Healthcare spending in America fast approaches $4 trillion a year. The dirty secret is – most healthcare isn’t actually that expensive to provide.
There is a vast difference between what people are charged and what it costs to deliver care. A study published in Health Affairs found that hospitals were charging 3.4 times the cost of patient care on average. At the 50 so-called “greediest” hospitals, they were charging more than ten times the actual cost, and typically pricier hospitals are no better than the cheaper ones. Retail prices for hip and knee replacements can range from between $11-$70,000 depending on where in the states the operation takes place and in which hospital.
There has been a massive increase in the proportion of administrative staff necessary to comply with the complex array of regulations as compared to the number of doctors and nurses. In December 2011, the Administrator for the Centers for Medicare & Medicaid Services, Dr. Donald Berwick asserted (as he was leaving his job) that 20-30% of health care spending in the US is going to waste. He listed the five major causes as over-treatment, failure to coordinate care, the administrative complexity of the system, burdensome rules, and outright fraud.
Here are some of the main causes of waste: Unnecessary tests ($200-800bn(!!!).) Fraud ($58.5-$83.9 billion), overtreatment ($75.7-$101.2 billion), failure to coordinate care ($27.2-$78.2 billion). And the administrative complexity of the system ($265.6 billion.)[1] More than enough money to end world hunger. A 2019 article in PubMed puts Waste in the US Health Care System at between $760 billion to $935 billion but I’d say that’s an extremely conservative estimate because that’s according to the criteria of the current system. If you reformed the system itself you’d save at least twice that.
The American system is replete with people ordering expensive treatments with large profit margins where cheaper treatments will do an equal or better job with less side effects. Stacks of unnecessary treatments are performed every year and especially unnecessary tests which bring in lots of money.
You’d think private insurers would act as a check-and-balance, negotiating to keep care costs down so they could offer competitive premiums, but actually, they get a kickback– ahem!– sorry! I mean an Administration fee, when they pay out, called a reimbursement. The more they pay out, the more they can claim back. I still don’t fully understand why they don’t do a better job of policing wasteful spending and ineffective treatments, but fear of litigation for refusing pay-outs and regulation that limit competition in the insurance market play some role. As is the fact that because people change jobs several times in their life, even if people get sick later it will probably be some other insurance company’s problem.

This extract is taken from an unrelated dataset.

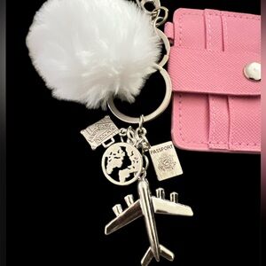 Stylish pink faux leather card holder customized with a fluffy keychain and airplane and passport accessories keychain. Perfect for keeping your essentials organized and accessible.
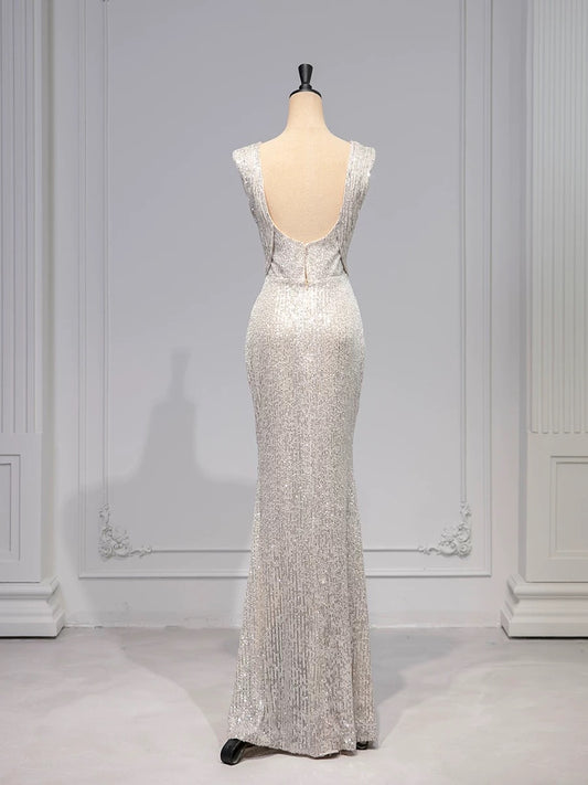 Robe de soirée élégante à paillettes et décolleté en V style sirène C3214

Government spending on healthcare has inflated costs in the US rather than making provision affordable because private hospitals and pharmaceutical companies account for the fact patients are being subsidized and increase their rates. For example, in 2014 Gilead Sciences introduced a cure for hepatitis C named Solvadi and marketed it at the astronomical price of $1000 per pill. The cost of treating every American infected with it would have been $268bn – about the amount Americans were already spending on all prescriptions over the course of a year. Medicaid budgeted $1.3bn to pay for the drug, but when faced with rationing, Hepatitis C sufferers filed a class action lawsuit in which they accused Medicaid and private providers of violating the law by refusing to cover medicines that were approved by the FDA. In other words, they demanded the government pay $1000 per pill to treat them! Sadly, this was not an isolated incident either. I meant to cover how we could reverse overspending on healthcare in far more detail in my up-and-coming book Big Pharma – None Dare Call It Quackery.
I believe if I was the dictator of healthcare, I could slash spending down to $1 trillion while making everyone better off – except of course those profiteering from the system that exists right now! But, in my opinion, even they would be better off spiritually – if not financially, due to my reforms:
“For what does it profit a man to gain the whole world but lose his soul?”
You are making people sick and poor!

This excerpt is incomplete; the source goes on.